STEPHEN L. COY, JOSHUA H. BARABAN, ROBERT W. FIELD, MIT Dept. of Chemistry, Cambridge, MA 02139; BRYAN M. WONG, Materials Chemistry Dept., Sandia National Lab., Livermore, CA 94551.
Core multipoles and polarization effects affect the term values and spectroscopy of Rydberg states, and, conversely, Rydberg state spectroscopy provides a window into the nature of ground electronic state charge distributions, and into polarization due to configuration interaction. As experimental resolution continues to increase through the introduction of techniques like chirped mm-wave techniques for Rydberg systems, more details about the core electronic structure as a function of Rydberg state quantum numbers (n,\ell) and internuclear separation, R, will become available. Existing modeling of the CaF Rydberg spectrum, although extensive, is not ready for the challenge of higher resolution measurements. Even for the existing data, MQDT calculations (based on a two center effective potential with limited atomic polarization) show reasonable agreement at equilibrium R, but deviates from the phenomenological QDT fit with R.

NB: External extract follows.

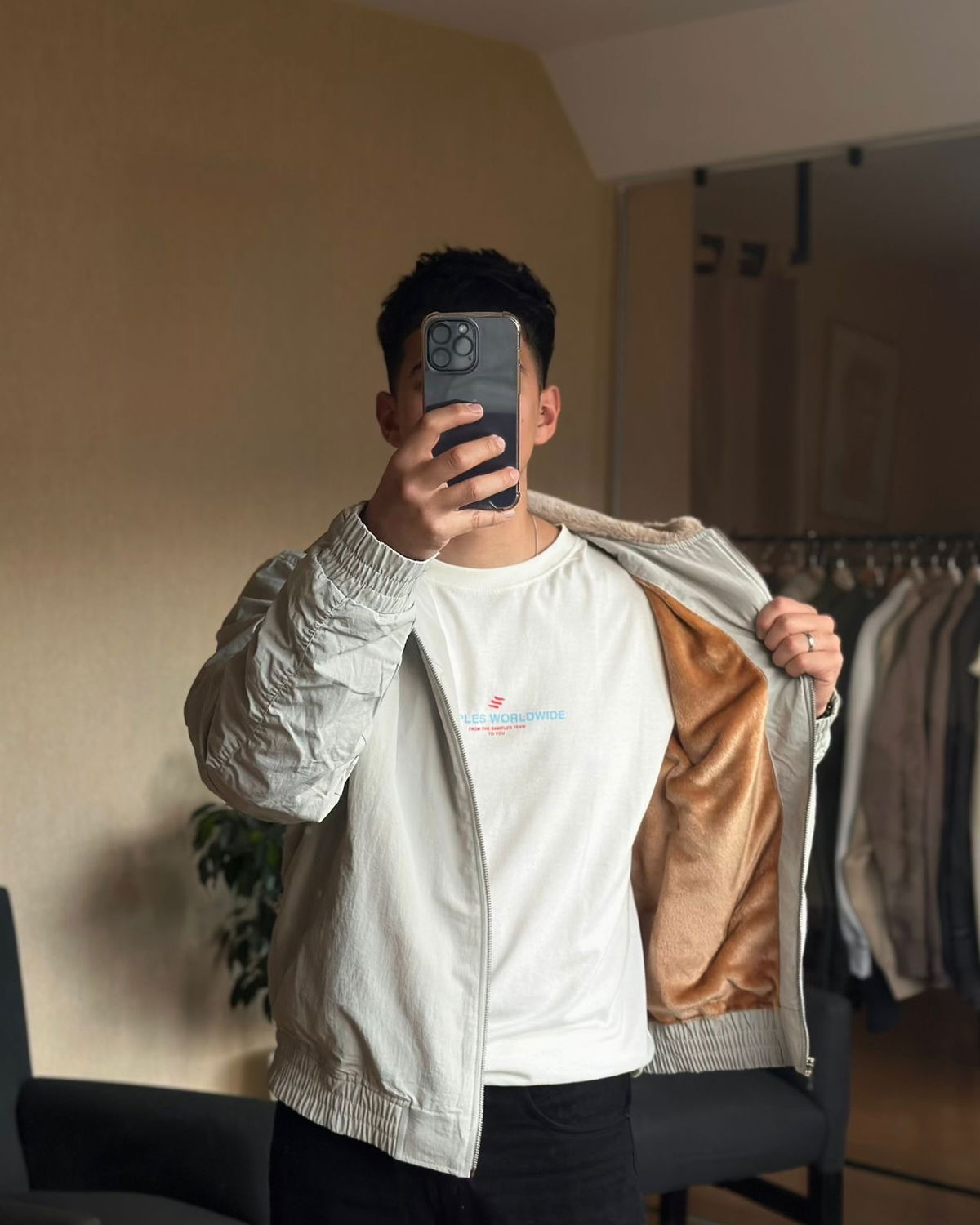 Campera bomber parachute forrada en piel de corderito con capucha de piel. Bolsillos delanteros, cintura y puños con elástico. Corte oversize.

We have performed a series of all-electron calculations for CaF+ itself, and for CaF+ with a test negative charge fixed at distances and angular positions around the core with a range of R, with a goal of improving our understanding of the nature and magnitude of polarization effects for polar diatomics like CaF. In analyzing these results, we have considered core moments through the octupole, and polarizabilities and hyperpolarizabilities defined in perturbation theory to 4th order that contribute to the e--core energy in first and second order. Polarization contributes to ab-initio energies with characteristic (r, ) dependence that allows the contributions to be identified by type and as a function of R. Terms describing asymmetric polarization like dipole-dipole and dipole-octopole are found to contribute more strongly than symmetric terms like quadrupole-quadrupole. The fields present in the e --core interaction are so high that the F- anion polarizability is approaching saturation at R=Req=3.54 a0, while the Ca+2 polarizability is still independent of R.
We will describe the energy expression in the simple effective potential, describe the more complete form including multipolar and polarization terms in Cartesian and spherical coordinates, present two methods for determining polarizabilities, and compare these ab-initio results with the limited experimental information currently available.